====== Supplied information ======

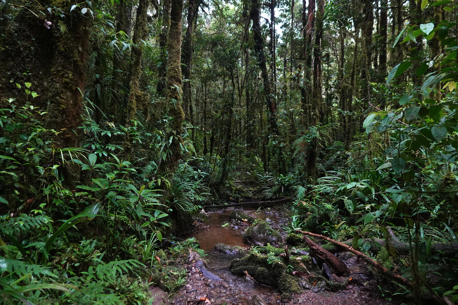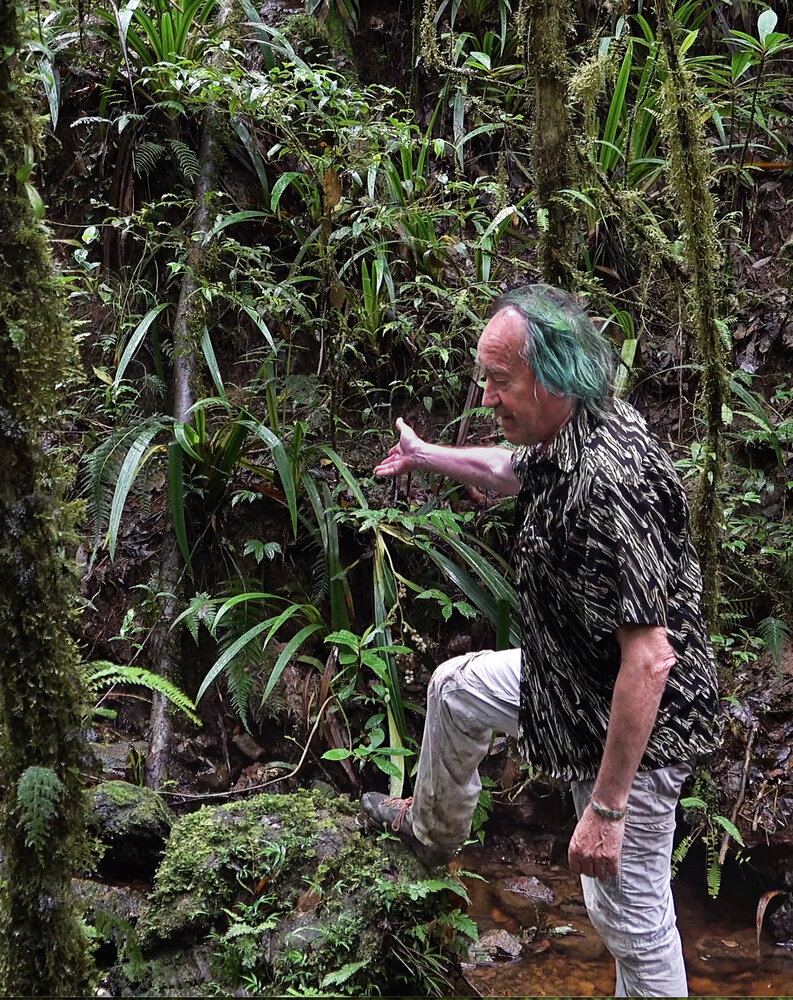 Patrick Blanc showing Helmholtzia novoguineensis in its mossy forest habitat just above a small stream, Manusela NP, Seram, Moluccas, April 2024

======
====== Supplied information ======

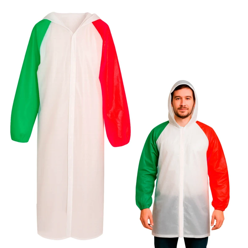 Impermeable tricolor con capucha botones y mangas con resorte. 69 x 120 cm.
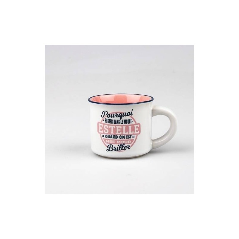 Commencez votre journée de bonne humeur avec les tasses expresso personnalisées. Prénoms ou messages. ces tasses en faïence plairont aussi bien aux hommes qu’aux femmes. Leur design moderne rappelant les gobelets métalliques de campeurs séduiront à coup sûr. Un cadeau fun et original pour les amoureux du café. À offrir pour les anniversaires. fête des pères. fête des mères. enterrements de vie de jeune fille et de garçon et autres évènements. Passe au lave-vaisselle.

======
====== Supplied information ======

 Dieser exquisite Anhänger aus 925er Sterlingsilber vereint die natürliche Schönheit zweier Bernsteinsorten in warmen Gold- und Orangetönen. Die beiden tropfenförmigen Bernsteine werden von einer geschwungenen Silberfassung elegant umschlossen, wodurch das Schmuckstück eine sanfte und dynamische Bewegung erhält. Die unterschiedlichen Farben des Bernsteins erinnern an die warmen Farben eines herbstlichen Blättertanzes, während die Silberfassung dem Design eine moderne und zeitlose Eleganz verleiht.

======

• _Work request_
In the data above, find the line containing "Impermeable tricolor con" and the line containing "Commencez votre journée". Copy exactly the stretch from the first through the second, both included, leaving out any picture.

• _Result of the exercise_
 Impermeable tricolor con capucha botones y mangas con resorte. 69 x 120 cm.
 Commencez votre journée de bonne humeur avec les tasses expresso personnalisées. Prénoms ou messages. ces tasses en faïence plairont aussi bien aux hommes qu’aux femmes. Leur design moderne rappelant les gobelets métalliques de campeurs séduiront à coup sûr. Un cadeau fun et original pour les amoureux du café. À offrir pour les anniversaires. fête des pères. fête des mères. enterrements de vie de jeune fille et de garçon et autres évènements. Passe au lave-vaisselle.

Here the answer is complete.